All These Foolish Republicans Willing to "Consider" Gun Control Ignore the Biggest Threat to Children

In the wake of the mass shooting at an elementary school in Uvalde, Texas, the talk in political circles has once again come around to the topic of gun control. We must get rid of the scariest of guns in order to protect the children. And, as is always the case, some Republicans have come out to openly state they’re willing to “consider” or “discuss” the Left’s ideas on gun control.


This is a foolish exercise. As previously discussed, the Republicans you see loudly doing this are the foolish “above it all” Republicans like Adam Kinzinger and Bill Cassidy. And, as my colleague Bonchie explains, the Democrats are already telegraphing that what is being proposed simply isn’t enough.

It is a foolish exercise to engage with Democrats on this issue with any sort of expectation that negotiation and compromise will be enough. For them, this is an election issue. It is the latest bad guy in a series of bad guys they are trying to throw up ahead of the midterms in order to make Republicans seem like out of touch, dangerous extremists.

Chuck Schumer shouts from the Senate floor that Americans agree with the idea of gun control, but none of the Democrats will be honest and explain that while the general idea of reform polls well, specific measures often do not. Not to mention, there is the 2nd Amendment, which makes any comparison to other countries moot. Those countries don’t have a right to firearms. Democrats won’t say it openly (very often), but in truth, they see a fundamental right to firearms as a mistake that should be rectified.

The one thing that Democrats get right is that this is happening far too often. That, at some point, there has to be more than thoughts and prayers, and some sort of action has to be taken. Prayer vigils can bring communities together, but can’t undo what has been done.


But the Democrats were extraordinarily quick to jump on gun control after this shooting, despite the multiple issues that have come to light about the shooter’s mental health and local law enforcement’s inability to act that made the situation as deadly as it was. Where they go astray is thinking that simply banning more and more guns is the key.

Columbine happened while there was a gun ban active, and the Democrats pushed for limitations on handgun sales in the wake of that. It didn’t stop anything. The problems lingered into the present.
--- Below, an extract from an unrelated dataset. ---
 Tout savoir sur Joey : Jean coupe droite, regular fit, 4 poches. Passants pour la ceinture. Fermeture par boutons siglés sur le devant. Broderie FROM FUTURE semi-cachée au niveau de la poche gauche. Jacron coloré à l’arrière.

Clearly, there are more pressing issues than the availability and the access to guns.

The mental health issue in particular is one that needs to be addressed in greater detail. We live in a world of decreasing human interaction and increasing social isolation. Especially among our kids. Even when they’re hanging out together, they prefer to stare at their phone screens in silence. They are in gaming lobbies and online servers rather than spending time outside — or, at least, out of the house.
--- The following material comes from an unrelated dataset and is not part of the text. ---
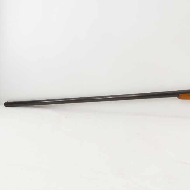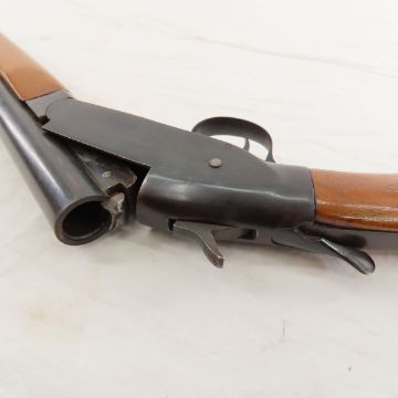 Long Tom 12 GA Top Break Shotgun - NVSN on receiver, 40.5" Genuine armory steel choke barrel marked 87111, plain wood forearm marked 167 (not original), checkered wood pistol grip stock has crack from top tang towards butt. Leather butt bad. Primarilymade by Crescent Arms between 1908-1916, though later models were produced by other manufacturers like Stevens. Good condition for age. C&R or FFL transfer required. Please know local laws before bidding. Lot size:41x8x3", 8 lbs All information and photos are intended to be as accurate as possible, but errors are possible. No item may be returned or refused based on this information, which is provided as a service to bidders. Please read terms & conditions and ask questions before bidding.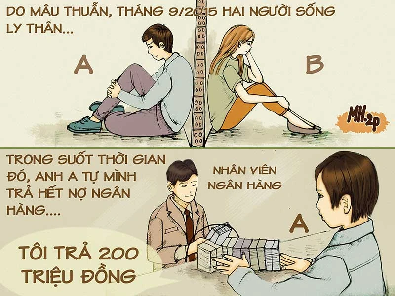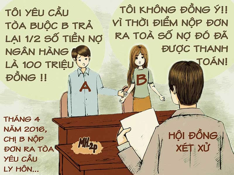 Trong thời gian này, công việc của anh A gặp nhiều thuận lợi. Nhiều lần anh A “trúng mánh” nên tự mình thanh toán hết số nợ đã vay của ngân hàng. Trong khi đó, chị B thấy rằng mâu thuẫn giữa mình với chồng là không thể hàn gắn nên tháng 4-2016 đã nộp đơn ra tòa xin ly hôn. Thấy vợ cạn tình, anh a cũng cạn nghĩa nên đã yêu cầu HĐXX tuyên buộc chị B phải có nghĩa vụ trả lại một nửa số tiền đã vay ngân hàng. Thế nhưng chị B nhất quyết: “Tôi không đồng ý vì tại thời điểm nộp đơn ra tòa số nợ đã được thanh toán”.

This isn’t a new phenomenon, but it was greatly worsened by the COVID-19 pandemic and subsequent lockdowns and forced isolation. Their social and emotional growth was stymied by politicians who ignored the data that clearly suggested children were not as vulnerable to the disease as older adults were. As a result, children were isolated from their friends and social groups. They’ve lost emotional and academic development. The social skills they are meant to pick up on in school went largely unlearned.
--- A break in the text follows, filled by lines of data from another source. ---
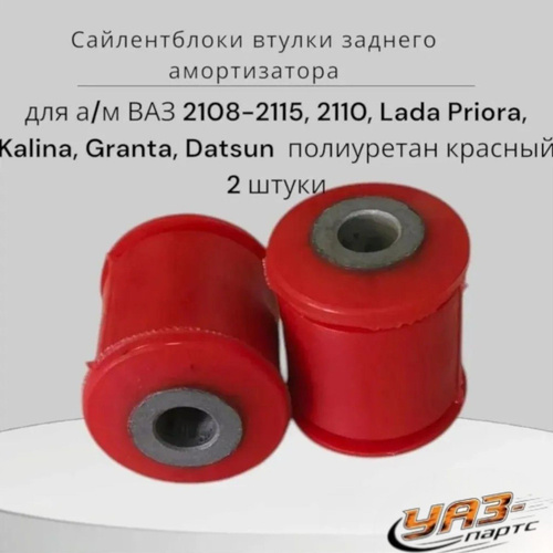 Сайлентблоки втулки заднего амортизатора для а/м Ваз 2108 - 2115, 2110, Lada Priora, Kalina, Granta, Datsun полиуретан красный 2 штуки 2108-2915446-01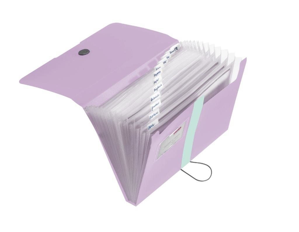 Teczka rozkładana z przegródkami, poręczny instrument do tematycznego sortowania dokumentów, regulowana zewnętrzna pokrywa, zapewnia optymalne rozmieszczenie do 300 kartek. Wewnętrzna kieszonka z etykietą w formacie wizytówek, posiada 12 przegródek oraz przekładki do opisywania i 24 etykiety. číst celé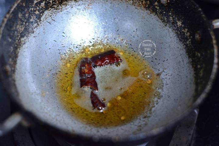 Meanwhile in a small pan, heat 1 tablespoon gingelly oil/sesame oil. Add ½ teaspoon mustard seeds, 6-8 fenugreek seeds, 1 dry red chilli cut into small pieces. As mustard seeds splutter, add ¼ teaspoon asafoetida. Remove from heat.

School safety should be looked at more closely, but even more importantly, we should be offering better social and emotional support for our school children. We need people who are there to help our students.

Teacher reading to children
AP Photo/Mary Altaffer, File

The problem with modern education is that the professionals who are meant to be there and support our students are so bogged down with bureaucratic work that they don’t have the time to actually care for our kids. The profession of education has become transactional. You come to class, the teacher gives you instruction, and you give the teacher a good standardized test score at the end of the year.

Counselors? What counselors? There are people with that job title who are test administrators, schedulers, and makeshift administrators when no one else is free. But the people who are actually there to be counselors don’t get as many opportunities to do that work. The ones who, on occasion, are able to counsel kids rarely get enough time to work with them.

And, of course, there are still various social stigmas surrounding needing to talk to someone about your issues.

So someone like the shooter in Buffalo or in Uvalde slips through the cracks. They stop coming to school. They start showing signs of being isolated from physical society while gravitating to online groups. They show erratic behavior but no one picks up on it.


From Columbine to Uvalde, there are many different types of guns, many different types of kids, and many different styles of attacks that make these events tragic in their own ways. But the one thing they all have in common is that they are performed by people who are deeply and truly disturbed. That isn’t an excuse, but it is a sign that there is something we need to focus on more than the political talking points argued time and again about guns.

All that unspent money that was supposed to help states and communities recover from COVID-19? Why not use that to start funding more mental health-related professionals and social workers on our campuses? Why not focus on initiatives meant to build community within our classrooms and schools? Why is it that each and every time we have one of these events, the mental health aspect gets ignored except to say we need “Red Flag” laws?

Those laws, by the way, focus again on the guns and don’t actually address the mental health aspect (not to mention the due process issues involved with such laws) of these tragedies.

So, rather than seeing Adam Kinzinger or Bill Cassidy say “Sure, let’s talk about gun control,” we need a stronger push to look into the increasing (and frankly dire) mental health crisis among our children. That is the epidemic the supposed adults in the room keep missing, and it’s the greatest threat to our students’ health and safety.